From the bench nearby, Serena herself looked up sharply. Her eyes found Adom, measuring him silently. Unlike the others, she wasn't laughing. Her jaw tightened, and she scoffed loudly enough for everyone to hear.

"It wasn't a fluke," she said flatly. "And I wasn't going easy." She returned to adjusting her gauntlets, adding under her breath, "Won't make that mistake again."

Sam leaned closer to Adom. "You okay?"

"Fine," Adom replied flatly.

"You don't look fine. You look like you're plotting someone's violent demise."

"That's just my face."

Sam snorted. "No, your plotting-violence face has more of a squint to it. This is your I'm-too-dignified-to-acknowledge-I'm-annoyed face. Very different."

Despite himself, the corner of Adom's mouth twitched upward. "The difference is smaller than you'd think."

Sam snorted. "Your sense of humor gets really dark when people underestimate you."

"It's not the underestimation," Adom said quietly. "It's the tedium of it. Eighty years, and I still have to deal with the exact same nonsense."

Across the field, Coach Viriam was still expressing his reservations. "And what about his parents? You think they'd be happy to learn we've put their precious boy on a collision course with some fifth year's fist?"

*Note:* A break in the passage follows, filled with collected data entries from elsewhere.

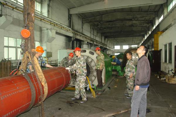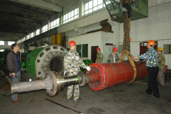 图十二:经过工人们的努力,发电机转子终于安全着陆
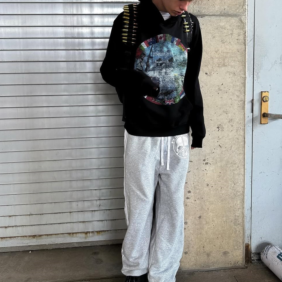 유럽과 미국의 도매 맞춤형 프린트 스웨트 셔츠와 스웨트 팬츠 긴팔 풀오버 후드 슈트 복고풍 재킷 스트리트 트렌드스토어 가기
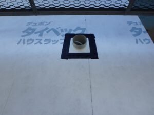合板を取付けた後に「タイベックスマート」というシートを張ります。
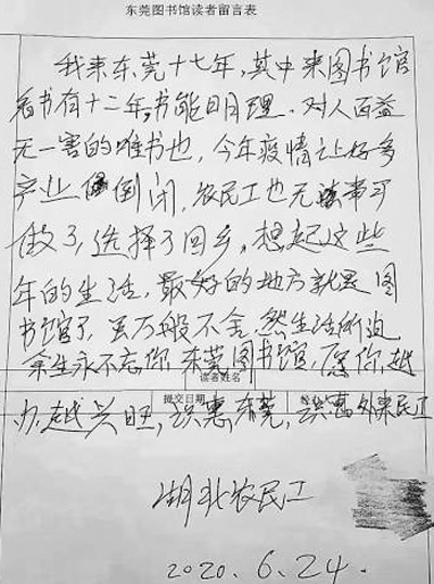 临行前,他将心中的眷恋蘸满笔尖,写在图书馆的留言簿上:“……想起这些年的生活,最好的地方就是图书馆了,虽万般不舍,然生活所迫,余生永不忘你……识惠东莞,识惠外来民工。”
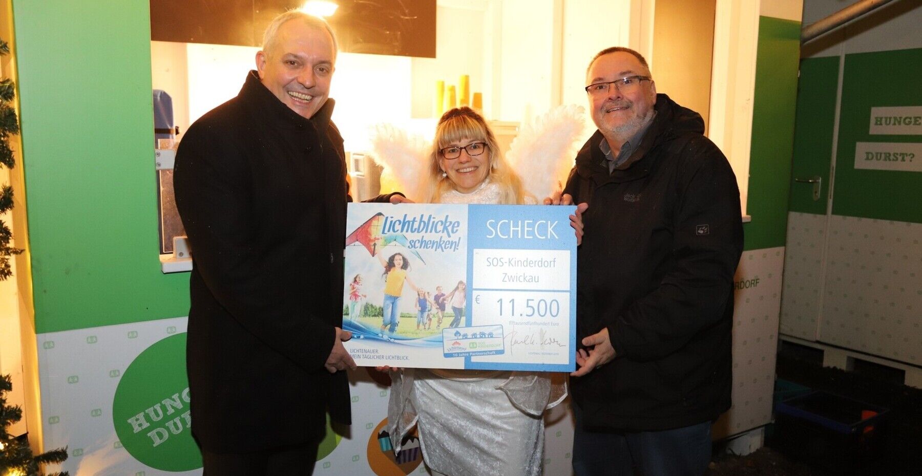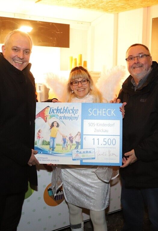 Paul Korn, Geschäftsführer der Lichtenauer Mineralquellen, überreicht den Scheck in Höhe von 11.500 Euro an Jana Seidel und Heico Engelhardt vom SOS-Kinderdorf Zwickau (v.l.n.r.).
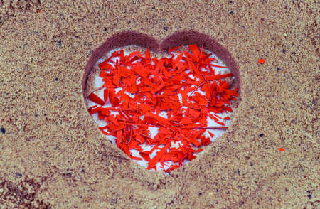 love concept image of heart shape made of colorful confetti on blue paper texture background

"He's Commander Sylla's son," Hugo reminded him.

"Oh, even better," Viriam threw up his hands. "So when he gets his arm broken, I'll have one of the Empire's top military commanders on my doorstep. Fantastic."

"Coach," Hugo said, with the patience of someone explaining a simple concept to a particularly stubborn child, "just watch him. One practice. That's all I'm asking."

Viriam stared at Hugo for a long moment, then let out an exaggerated sigh. "Fine. One practice. But if he gets flattened, that's on you. You saw what his father did last semester. I want none of that."

"Deal."

Adom finished adjusting his gear and stood up.

"All right," Viriam shouted, suddenly shifting to his full coaching voice. "Everyone on the field! Let's see what we're working with!"

Adom caught Hugo giving him an encouraging nod. He returned it with the barest inclination of his head.

"Remember," Sam said as Adom prepared to join the others on the field, "no magical death spells if someone laughs at you."

"I'd never," Adom replied with feigned innocence.

"Uh-huh. I saw your face when Talef made that height joke. Pure murder."

"Not murder. Just mild maiming."

Sam grinned. "Show them what you've got, old man."

Adom allowed himself a small, genuine smile. "Oh, I intend to."